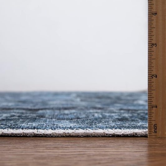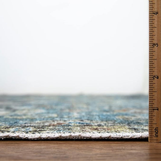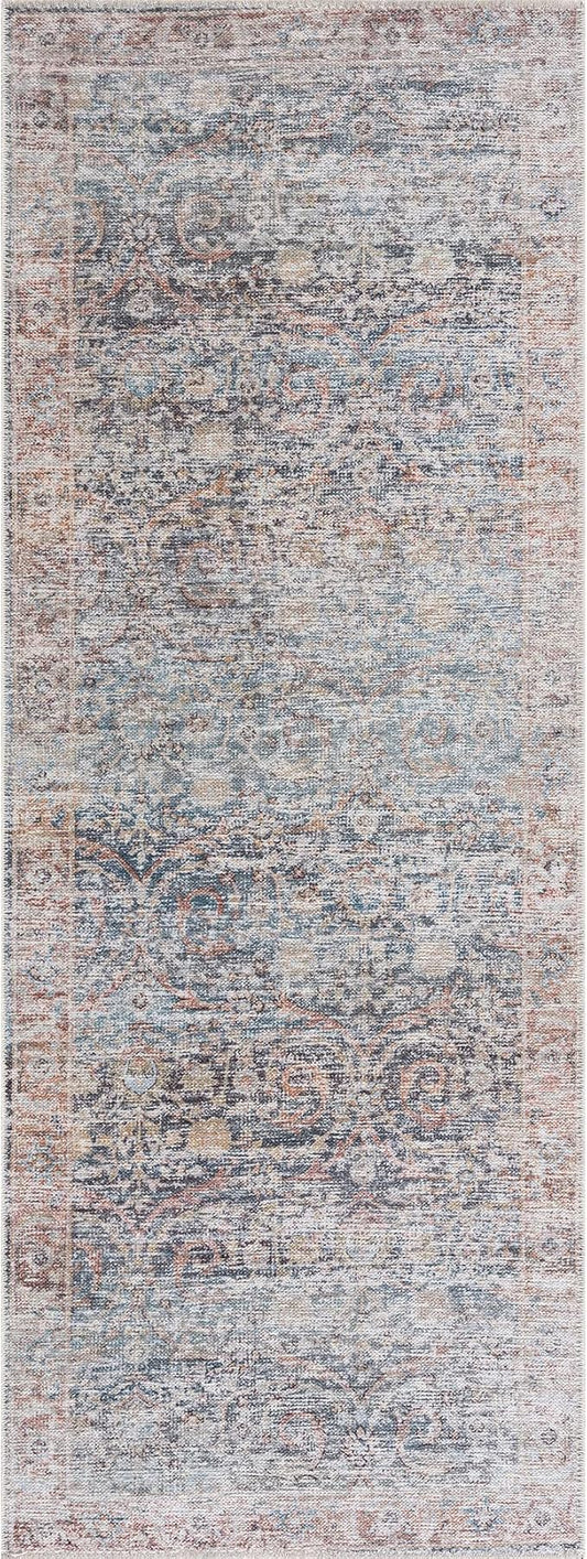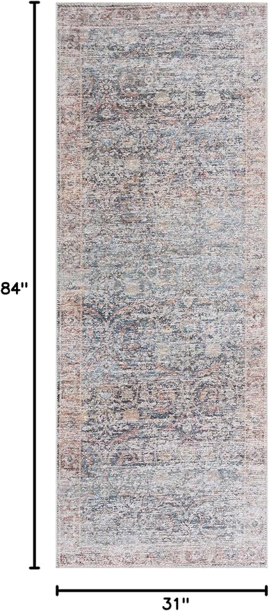 Bloom Rugs Caria Washable Non-Slip 7 ft Runner - Blue Traditional Runner for Entryway, Hallway, Bathroom, and Kitchen - Exact Size: 2'6" x 7'
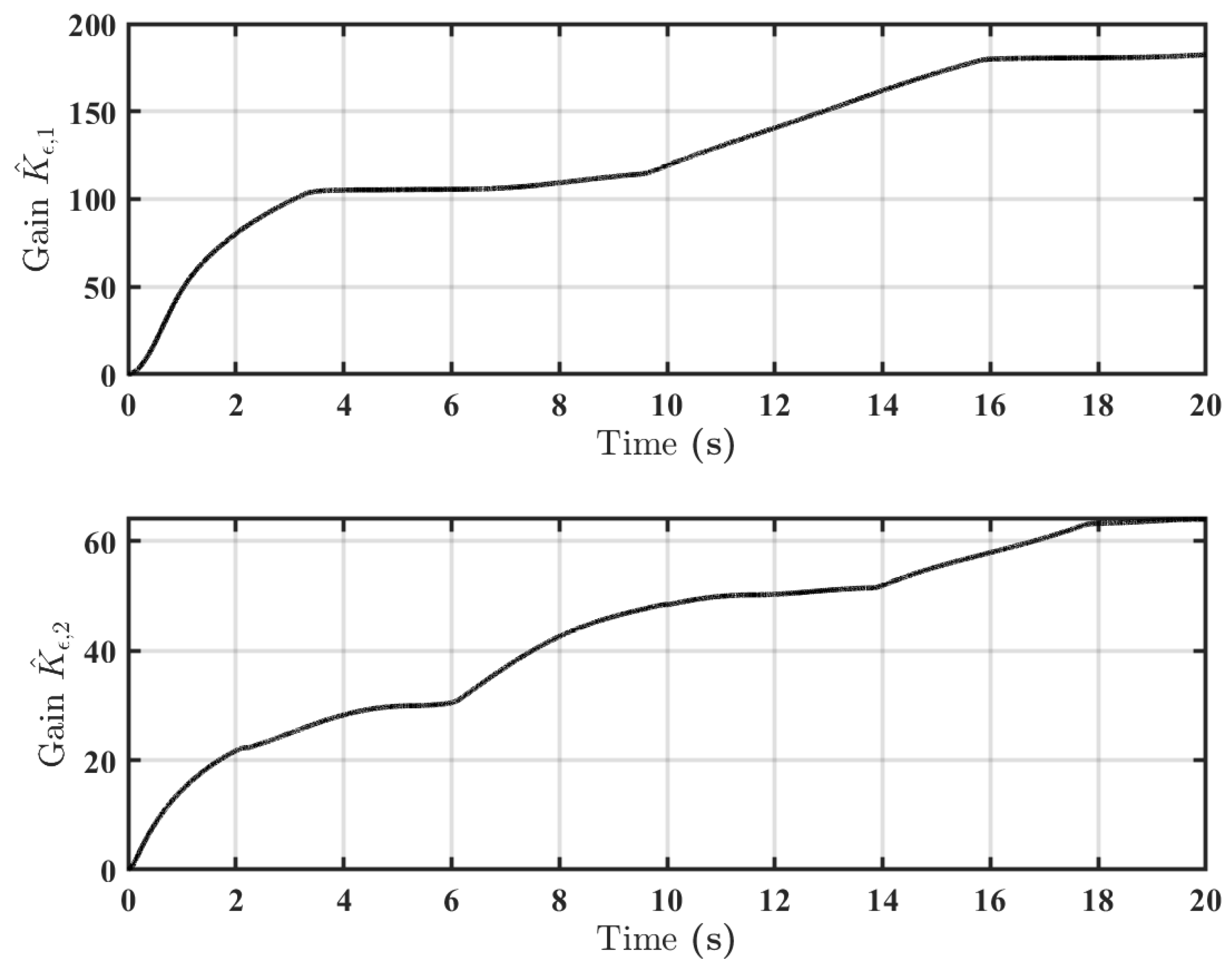 Finally, Figure 8 illustrates the evolution of the adaptive gains. The gains, K ^ ϵ , 1 and K ^ ϵ , 2 , increase initially to counteract the system’s uncertainties and then converge to stable, finite values as the tracking error diminishes. This behavior confirms that the adaptive law effectively adjusts the control effort to the required level without causing unbounded gain growth, thereby ensuring the stability of the closed-loop system.
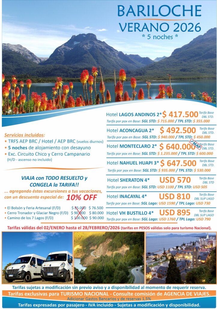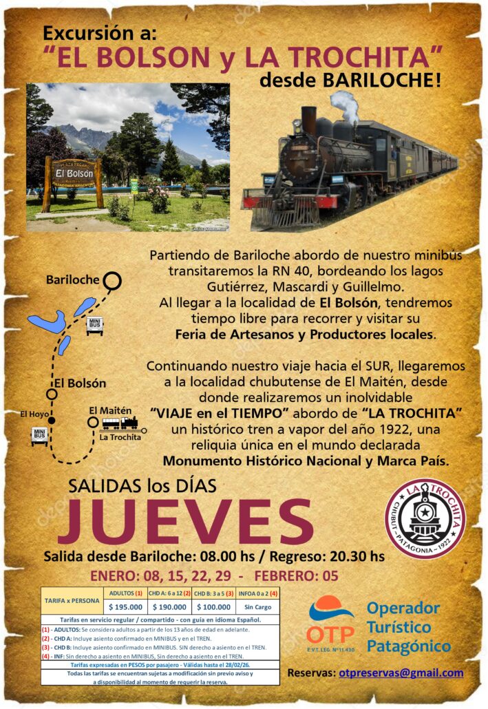 (Agencias de Viajes consultar condiciones de comercialización a: reservas@otp-patagonia.tur.ar)
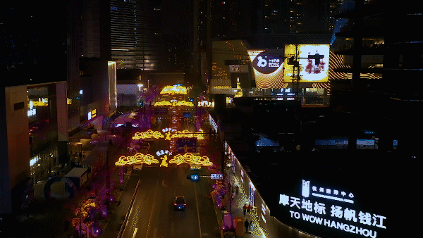 高科技与艺术跨界结合,以天空为幕的全新表达方式,十字金街巧妙地将地面舞台延伸到璀璨夜空,不仅传播了杭州悠久的历史文化,更彰显了时代新特色。
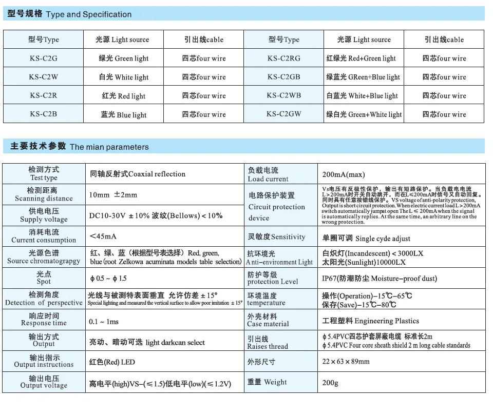 Датчик цветового кода OMCH KS-W22, KS-G22, KS-R22, 10-30 в, фотоэлектрический датчик маркировки KS-RG22, KS-WR22, KS-WG22
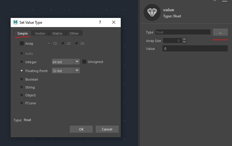In Bifrost, these types are all listed in Simple tab of the Set Value Type dialog which is accessible by using a value node, and clicking the dots on the Parameters Editor, It is also available when right clicking on an auto-port of referenced nodes, and also any port of editable compounds.
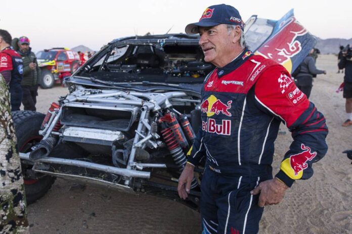 Resumo: Carlos Sainz é obrigado a abandonar o Rali Dakar 2025 depois de capotar seu veículo no km 327 da segunda etapa. Sua participação é encerrada devido a danos na jaula de segurança. Enquanto isso, Yazeed Al Rajhi vence a etapa, mas Henk Lategan se destaca como líder geral.
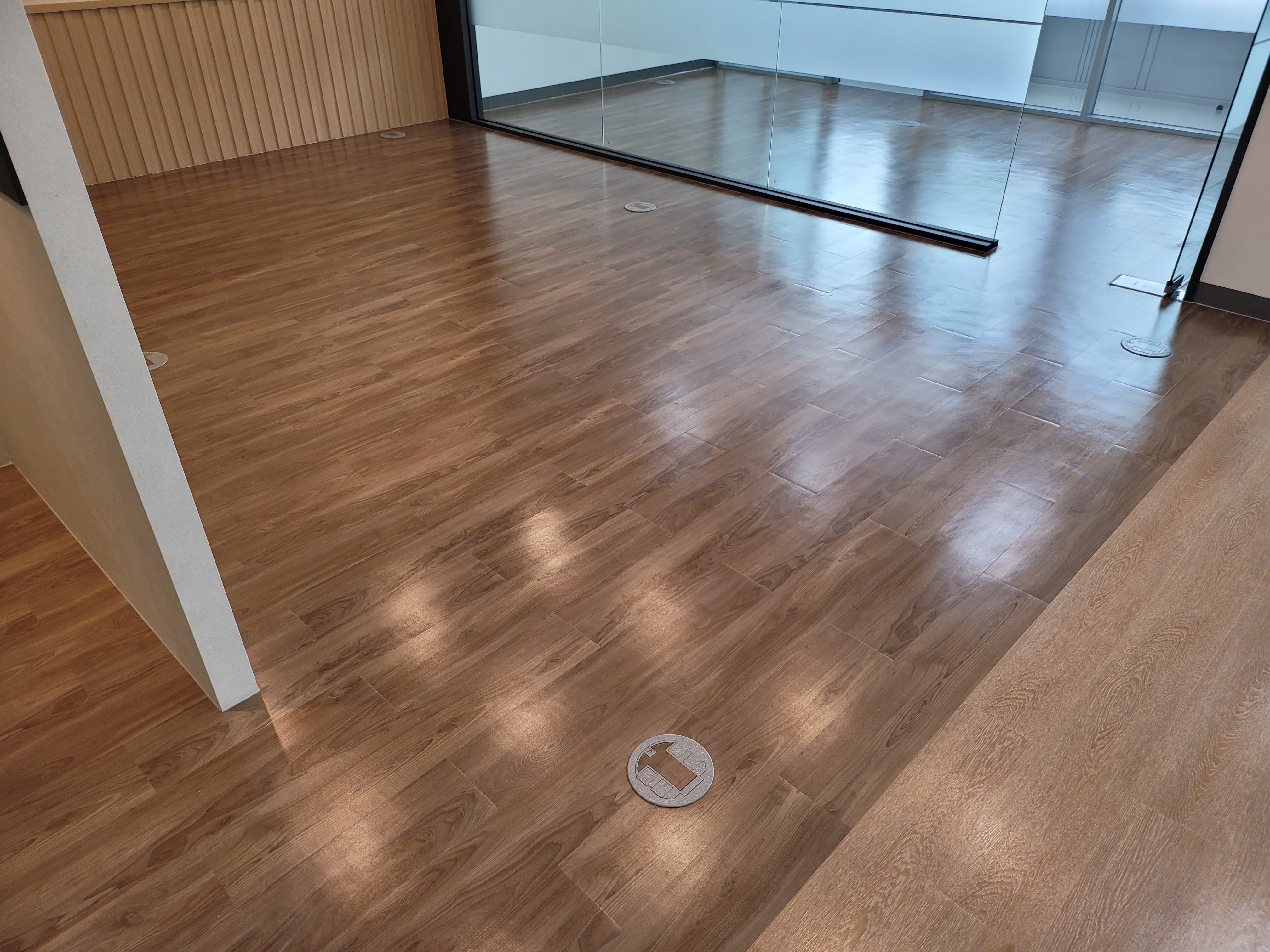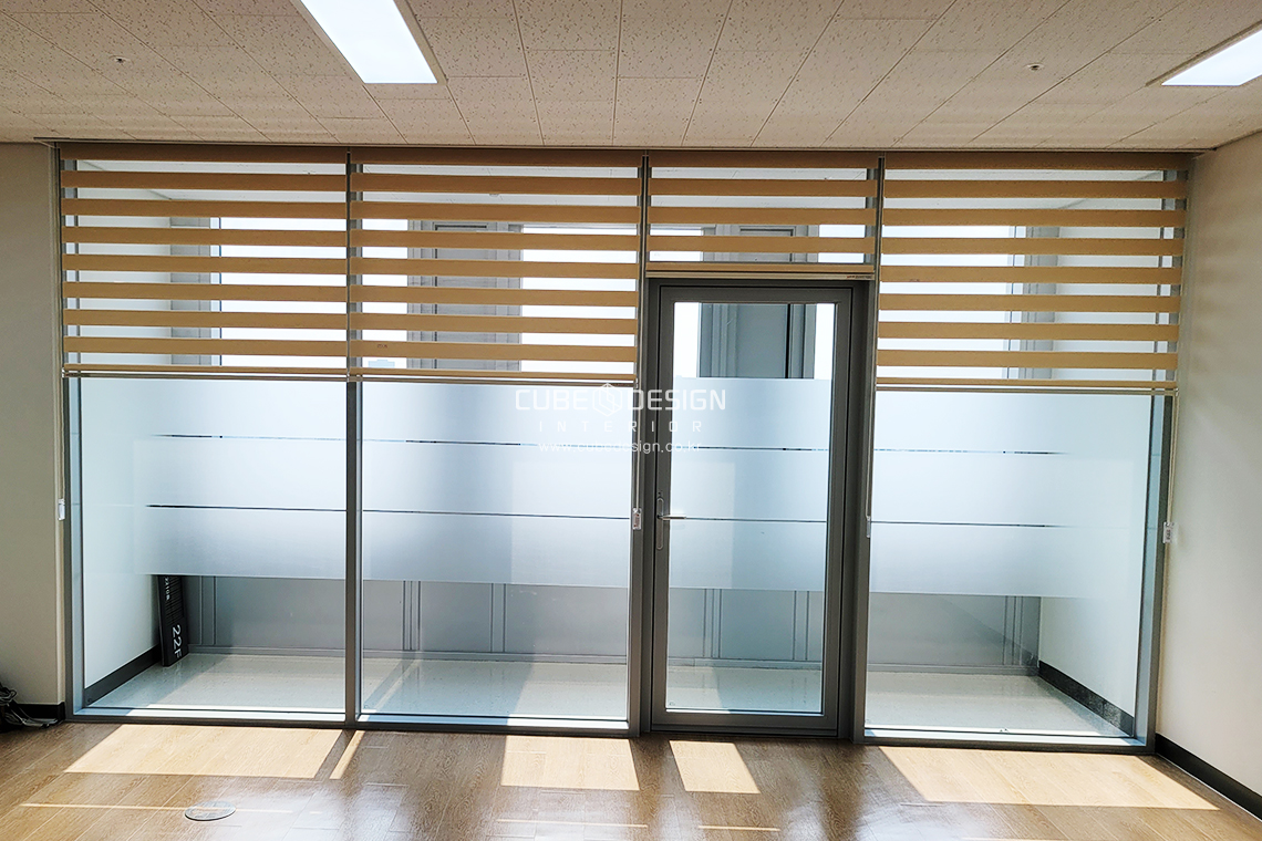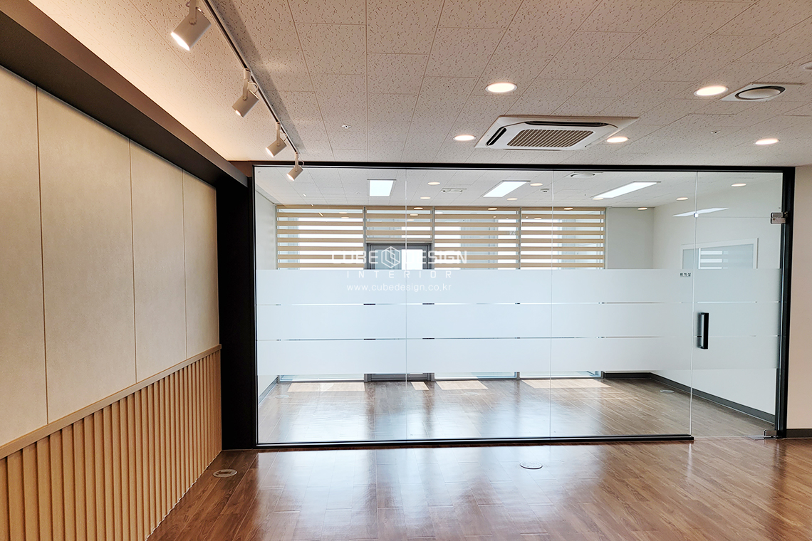 깔끔한 유리칸막이와 포인트월마감으로 고급스러움을 더했으며, 바닥 데코타일 왁싱까지 깔끔하게 마감된 현장입니다.

====

• _WHAT THE EXERCISE ASKS_
Restate the lines of the records exactly, starting at the first and stopping after the line with "Датчик цветового кода". Leave out any picture.

• _OUTPUT OF THE EXERCISE_
 Bloom Rugs Caria Washable Non-Slip 7 ft Runner - Blue Traditional Runner for Entryway, Hallway, Bathroom, and Kitchen - Exact Size: 2'6" x 7'
 Finally, Figure 8 illustrates the evolution of the adaptive gains. The gains, K ^ ϵ , 1 and K ^ ϵ , 2 , increase initially to counteract the system’s uncertainties and then converge to stable, finite values as the tracking error diminishes. This behavior confirms that the adaptive law effectively adjusts the control effort to the required level without causing unbounded gain growth, thereby ensuring the stability of the closed-loop system.
 (Agencias de Viajes consultar condiciones de comercialización a: reservas@otp-patagonia.tur.ar)
 高科技与艺术跨界结合,以天空为幕的全新表达方式,十字金街巧妙地将地面舞台延伸到璀璨夜空,不仅传播了杭州悠久的历史文化,更彰显了时代新特色。
 Датчик цветового кода OMCH KS-W22, KS-G22, KS-R22, 10-30 в, фотоэлектрический датчик маркировки KS-RG22, KS-WR22, KS-WG22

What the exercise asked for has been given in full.